Concerns about the environment are a matter of much discussion now, as young people are increasingly suspicious that the guardians of their world--the older generation--have been grifting, trying to abscond with as much money as possible while the world burns. Many young people today realize the devastating impact that such a mercenary way of thinking has had on the natural world, and they are prepared--some of them--to put their lives on the line when it comes to environmental protection. Although they might not identify overpopulation as a root cause of many of the environmental problems they see, they recognize that amassing wealth is negligible when compared to clean air and water, safe food, and a place to live. We require the basics of a stable climate, dependable food production, a life free from toxicity, and the maintenance of the natural world around us.

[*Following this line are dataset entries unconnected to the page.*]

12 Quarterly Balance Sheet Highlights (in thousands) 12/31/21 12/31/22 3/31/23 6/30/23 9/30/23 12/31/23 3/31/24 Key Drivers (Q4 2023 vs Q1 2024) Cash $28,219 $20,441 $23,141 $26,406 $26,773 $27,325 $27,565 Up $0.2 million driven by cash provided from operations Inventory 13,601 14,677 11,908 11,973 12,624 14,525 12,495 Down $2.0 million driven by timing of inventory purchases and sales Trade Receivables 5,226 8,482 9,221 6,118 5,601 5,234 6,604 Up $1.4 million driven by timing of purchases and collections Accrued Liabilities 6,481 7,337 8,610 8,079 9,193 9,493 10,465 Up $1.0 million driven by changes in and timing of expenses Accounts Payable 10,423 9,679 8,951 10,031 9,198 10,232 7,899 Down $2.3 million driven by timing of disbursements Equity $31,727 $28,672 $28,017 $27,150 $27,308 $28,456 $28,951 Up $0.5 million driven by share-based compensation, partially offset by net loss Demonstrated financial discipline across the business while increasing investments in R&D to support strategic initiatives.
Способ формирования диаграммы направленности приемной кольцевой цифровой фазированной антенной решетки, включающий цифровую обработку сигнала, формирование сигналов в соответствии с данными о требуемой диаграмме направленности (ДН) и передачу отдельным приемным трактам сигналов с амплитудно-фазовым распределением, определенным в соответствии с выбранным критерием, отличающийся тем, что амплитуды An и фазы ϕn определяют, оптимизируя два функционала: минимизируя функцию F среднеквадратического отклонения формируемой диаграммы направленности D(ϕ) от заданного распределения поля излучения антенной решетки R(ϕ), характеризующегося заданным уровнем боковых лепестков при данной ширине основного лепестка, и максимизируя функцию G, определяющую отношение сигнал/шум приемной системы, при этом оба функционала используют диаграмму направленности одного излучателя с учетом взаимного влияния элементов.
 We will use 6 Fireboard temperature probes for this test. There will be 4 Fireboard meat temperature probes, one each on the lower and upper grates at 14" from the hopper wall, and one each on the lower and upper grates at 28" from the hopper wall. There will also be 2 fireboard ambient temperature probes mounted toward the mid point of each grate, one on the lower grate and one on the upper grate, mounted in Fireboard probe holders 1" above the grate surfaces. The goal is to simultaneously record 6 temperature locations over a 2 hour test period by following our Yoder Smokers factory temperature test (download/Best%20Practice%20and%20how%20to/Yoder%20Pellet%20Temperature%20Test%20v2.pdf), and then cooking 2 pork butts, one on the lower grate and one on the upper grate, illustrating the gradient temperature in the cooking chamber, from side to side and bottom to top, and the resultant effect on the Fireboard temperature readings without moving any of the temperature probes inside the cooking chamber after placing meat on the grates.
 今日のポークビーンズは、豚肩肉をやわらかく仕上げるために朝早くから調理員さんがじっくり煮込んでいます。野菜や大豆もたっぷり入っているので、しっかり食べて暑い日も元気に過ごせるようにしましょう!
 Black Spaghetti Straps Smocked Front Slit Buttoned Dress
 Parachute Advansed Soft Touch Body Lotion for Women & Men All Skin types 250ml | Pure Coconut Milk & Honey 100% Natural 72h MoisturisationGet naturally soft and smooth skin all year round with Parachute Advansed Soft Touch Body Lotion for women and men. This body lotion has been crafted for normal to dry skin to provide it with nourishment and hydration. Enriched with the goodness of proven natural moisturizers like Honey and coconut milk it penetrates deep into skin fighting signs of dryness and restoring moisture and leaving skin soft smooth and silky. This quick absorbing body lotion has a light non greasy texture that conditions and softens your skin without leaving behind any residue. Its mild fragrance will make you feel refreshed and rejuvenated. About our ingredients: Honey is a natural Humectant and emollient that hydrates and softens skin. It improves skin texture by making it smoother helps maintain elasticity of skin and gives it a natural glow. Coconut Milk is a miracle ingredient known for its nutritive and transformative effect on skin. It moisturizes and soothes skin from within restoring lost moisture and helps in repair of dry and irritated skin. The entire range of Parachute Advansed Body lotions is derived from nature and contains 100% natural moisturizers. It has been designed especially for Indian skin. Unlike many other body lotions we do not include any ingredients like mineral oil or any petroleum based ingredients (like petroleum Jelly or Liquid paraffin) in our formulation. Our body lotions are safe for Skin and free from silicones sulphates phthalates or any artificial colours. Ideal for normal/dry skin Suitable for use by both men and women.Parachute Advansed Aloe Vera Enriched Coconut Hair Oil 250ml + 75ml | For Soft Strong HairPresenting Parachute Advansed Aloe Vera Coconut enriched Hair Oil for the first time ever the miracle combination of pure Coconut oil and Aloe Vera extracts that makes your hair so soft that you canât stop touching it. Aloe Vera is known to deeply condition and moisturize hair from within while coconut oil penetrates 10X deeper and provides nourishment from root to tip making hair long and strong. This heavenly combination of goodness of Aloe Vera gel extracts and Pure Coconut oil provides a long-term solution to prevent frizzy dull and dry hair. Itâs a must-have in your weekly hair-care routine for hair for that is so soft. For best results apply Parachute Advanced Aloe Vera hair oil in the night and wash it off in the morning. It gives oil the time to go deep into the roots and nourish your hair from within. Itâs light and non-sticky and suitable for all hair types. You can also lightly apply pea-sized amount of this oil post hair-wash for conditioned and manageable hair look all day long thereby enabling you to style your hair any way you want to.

The common thread hovering behind environmental concerns--whether it is deforestation, biodiversity loss, food toxicity and agricultural practices, climate change, overfishing and collapse of ocean biodiversity--is the question of human interactions with the natural world. Some attempt to deflect from the climate change discussion, for instance, by saying that the Earth’s climate has always changed and therefore it is merely part of the natural order. That is true, but the pace of the current change is one factor, the known agent in the form of carbon dioxide and methane is another, and the fact that our fingerprints were found at the scene is what gives the rest of us pause.

We are not overly concerned about environmental changes which happened in the dim past, for climatic shifts millions of years ago have very little to do with what is going on now unless it was caused by a rapid release of carbon dioxide. Similarly, the only people currently upset about the Chicxulub meteor which hit the Yucatan peninsula and likely ushered the dinosaurs to their demise would be children raised on iterations of the film Jurassic Park.

Most adults are more concerned about the current extinction, because we believe--how accurately who knows--that a human-caused environmental problem can be ameliorated if we changed our behaviour or there were fewer of us doing the damage. In that context, the exclusion zone of Chernobyl can provide a useful example.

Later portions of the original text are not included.